I took really good care of it, and four years later it still only has a few minor pressure dents and a small chip on the nose. There are several different brands of foam surfboards on the market today, and these boards are excellent beginners surfboards. They are safe and have a ton of flotation. The downside is that they can be heavy and almost as expensive as a regular surfboard. Foam boards are generally made to be beginners surfboards. Since beginners flail and fall a ton, you might want to consider this option.

Fiberglass boards are made from a foam core surrounded by fiberglass. Fiberglass is hard, and will hurt if it hits you. If you get a fiberglass board as your first board, try to get a heavier glass job. These boards are entirely machine manufactured rather than shaped by hand, and they are based on established board designs. Bic boards are a good example of an epoxy board. A good beginners surfboard is thick enough to float you well so you can paddle easily, and is wide enough so it is stable in the water and not so tippy. Any shorter or narrower than that and the board starts to get really tippy and unstable.

If you absolutely must go smaller though, lose the length and keep the width. Funboards are a cross between longboards and shortboards. It should have a round nose and a good amount of rocker. Longboards are not just beginners surfboards, either. There are many advanced maneuvers that can be done on a longboard, and Long board riding is considered different than shortboard riding. Those are called fins. Fins are essential, and your board should come with fins. Funboards usually have a tri-fin setup, but they sometimes have a single fin.

Most surfing injuries come from the fins of your board. They are sharp and will cut your skin without much difficulty. Small, gentle waves and a sandy beach are the keys.

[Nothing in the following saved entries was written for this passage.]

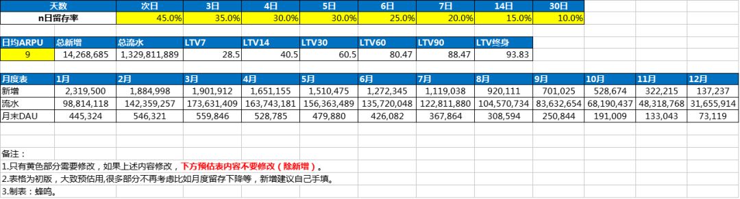 只能解释到这里了,不行就下载表格看公式吧。至此一个简单的7日的DAU预估就做完了。可能这个预估不够炫酷,那么下面就是约30日的月度预估)和约365日的年度预估。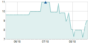 Closing price on 8/9/2017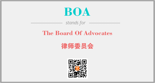 上述内容是“The Board Of Advocates”作为“BOA”的缩写,解释为“律师委员会”时的信息,以及英文缩略词BOA所代表的英文单词,其对应的中文拼音、详细解释以及在英文中的流行度和相关分类、应用领域及应用示例等。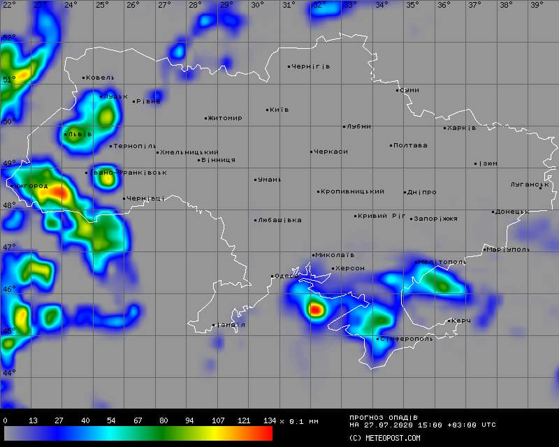 Погода в Украине 27 июля будет аномально жаркой и влажной (скриншот: meteopost.com)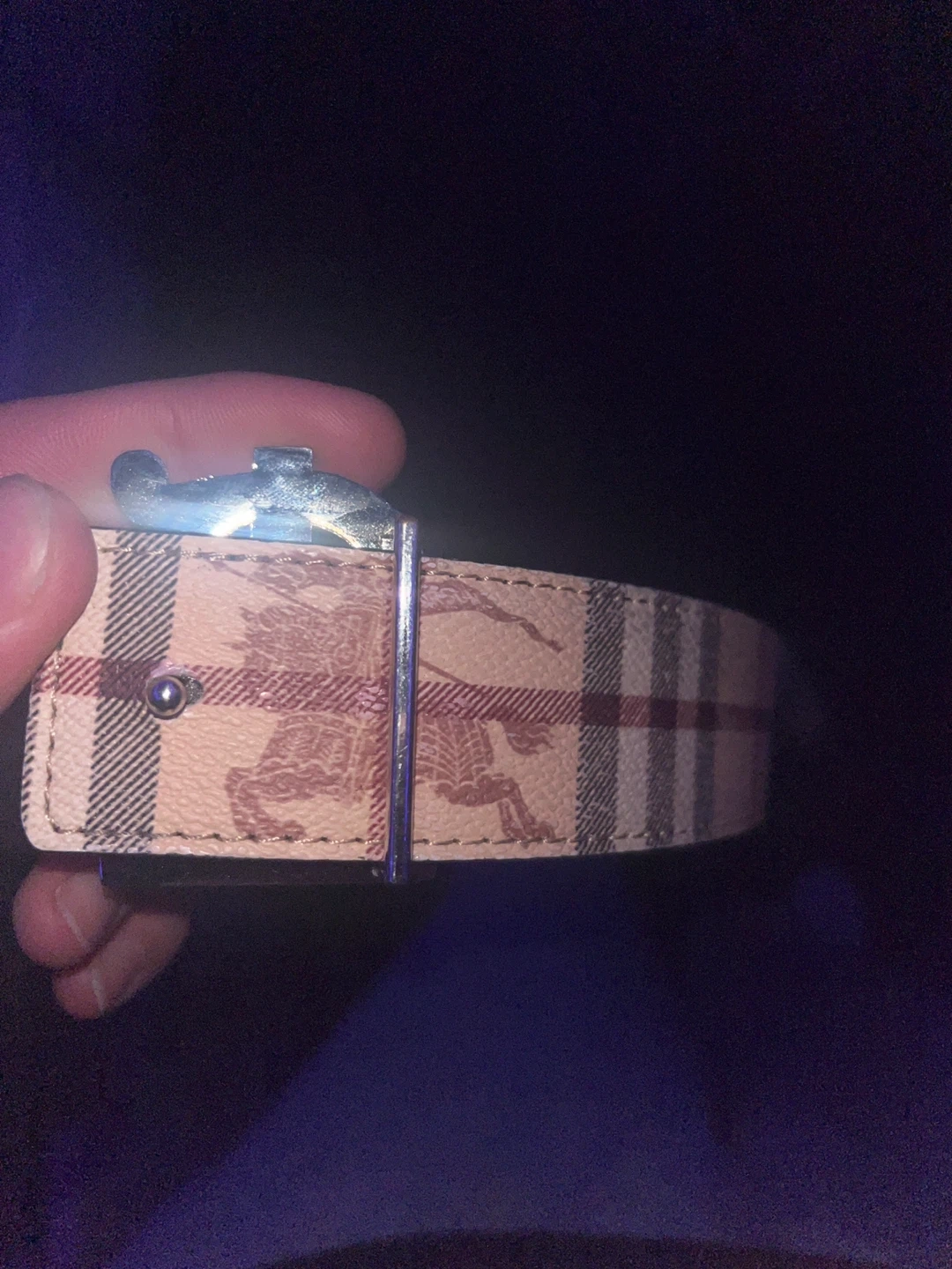 Reversible Burberry belt featuring the iconic check pattern on one side and a black monogram buckle on the other. Leather material. Stylish. Open to offers.

Surfing Tips - What to look Out For!

The surfing popup is essentially an explosive pushup. This is how you get to your feet on a surfboard! To make the popup easier, practice several popups on dry land every day. This will build up your arm strength and give you some muscle memory. At the beach, you can lay your surfboard down on the sand dig the fins into the sand to avoid breaking them and practice your popup before you go surfing.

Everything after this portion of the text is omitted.